Do you try to give the sales promoters a feeling of belonging to the company, or is that pointless?
We try. For example, recently we held a Purim party at a local events hall [in Kfar Saba] and called it “Dancing With the Workers.” We paired the employees with dancers and held a competition. Over 300 people came, both employees and their spouses.

The sales promoters and saleswomen were of course invited. Not all of them showed up, since some live far away. In the dance competition we made of point one of insuring at least one of the contestants was a sales promoter to give them the sense they’re an integral part of the competition and of the company.

Among the sales personnel more than ten sales promoters came to the party. It seems we were more successful in giving the saleswomen a sense of belonging than the sales promoters.

That’s only natural. The saleswomen work in the company stores and feel they belong, despite the physical distance from the company, whereas the sales promoters work at a different organization. In essence they belong to a different group – the retail chains they are assigned to.
You’re right. It really is a problem. It’s not just a problem at Gibor Sabrina, but at every organization that uses sales promoters. I experienced it at my last job, too [at Intercosma, a cosmetics and toiletries importer –S.S.].

Does Gibor Sabrina offer training activities and organizational development?
Until a year and a half ago there was no built-in activity in this area. If somebody needed training he was sent to a course outside the factory. One of the reasons I came here was to develop this area.

I met with the department managers and we began to set annual goals related to organizational development in order to create an annual training program.

This represents a change in the organizational culture, not just a series of technical activities.
Very much so. When I arrived at the company people thought I had come primarily to organize employee activities, parties and company events. At first they didn’t understand how these matters, such as planning and formulating goals or locating weak points that have room for improvement, had anything to do with me.

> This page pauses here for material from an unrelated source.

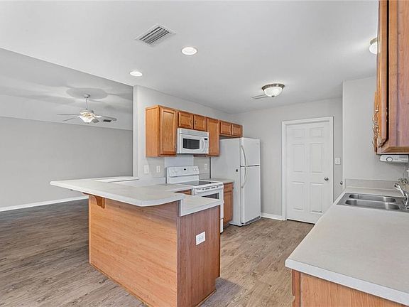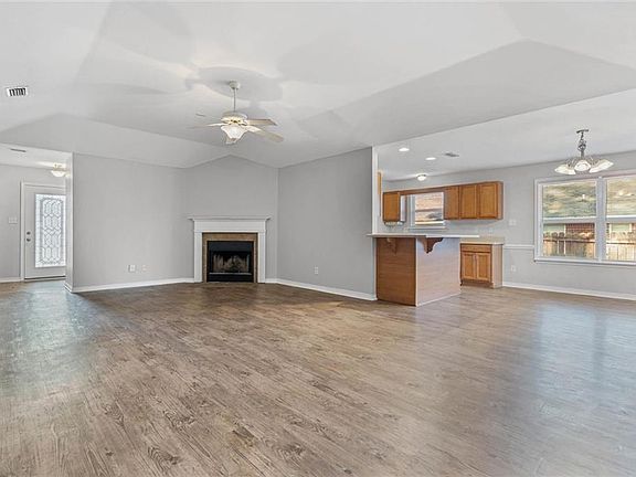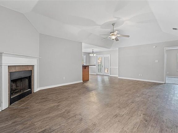 You’ll fall in love with this beautifully designed three bedroom and two bath home featuring an open, split floor plan with some recent upgrades. The spacious living room boasts raised tray ceilings, recessed lighting, and a cozy wood-burning fireplace with an elegant ceramic surround. The kitchen showcases white appliances and a peninsula bar, perfect for casual dining or entertaining. The luxurious master suite includes a jetted garden tub, separate shower, and dual vanities for added comfort. Enjoy your morning coffee or unwind in the evening on the large screened porch, offering a relaxing outdoor retreat. Recent updates include stylish vinyl plank flooring and freshly painted walls throughout. Additional features include vinyl windows, energy-efficient all-electric systems, and automatic garage door openers—making this home as practical as it is inviting.

But after raising a few brows they came to accept it and in my first year we outlined the areas where training was needed to close gaps. Meanwhile we worked together to set ways of gauging quality work.

You also began to run a performance assessment apparatus.
Yes. It was introduced gradually, of course, because it represented a change in work habits. Last year we began holding assessment talks, which the managers do only with the managers subordinate to them and with their secretaries.

This year we’re now integrating assessment activity for production line workers as well. We faced a real dilemma. It was clear to me that if I were to ask a department manager with 30 employees to provide feedback it wouldn’t work. The solution was constructing a short, focused assessment form for production workers.

What benefits were achieved through the assessment program?
Quite a few. First of all, everyone wants to know what his manager thinks of him. And the manager listens to him. A dialogue is created and expectations are matched. Goals get set together.

Secondly, such an apparatus allows every manager to evaluate the worker’s advancement each year and the degree to which he achieved the goals set.

For me, as human resources manager it helps gauge the potential of every employee and allows me to manager the workers’ mobility within the company. 

Doesn’t a worker who receives a positive assessment expect a raise in salary?
We make a distinction between the assessment and salary raises. At Gibor Sabrina there are no annual salary talks and therefore there is no reason to draw a connection between the two apparatuses.

The assessment system is not yet computerized…
No, because we’re just getting started and we don’t yet have a lot of data. When it begins to accumulate we’ll computerize the system.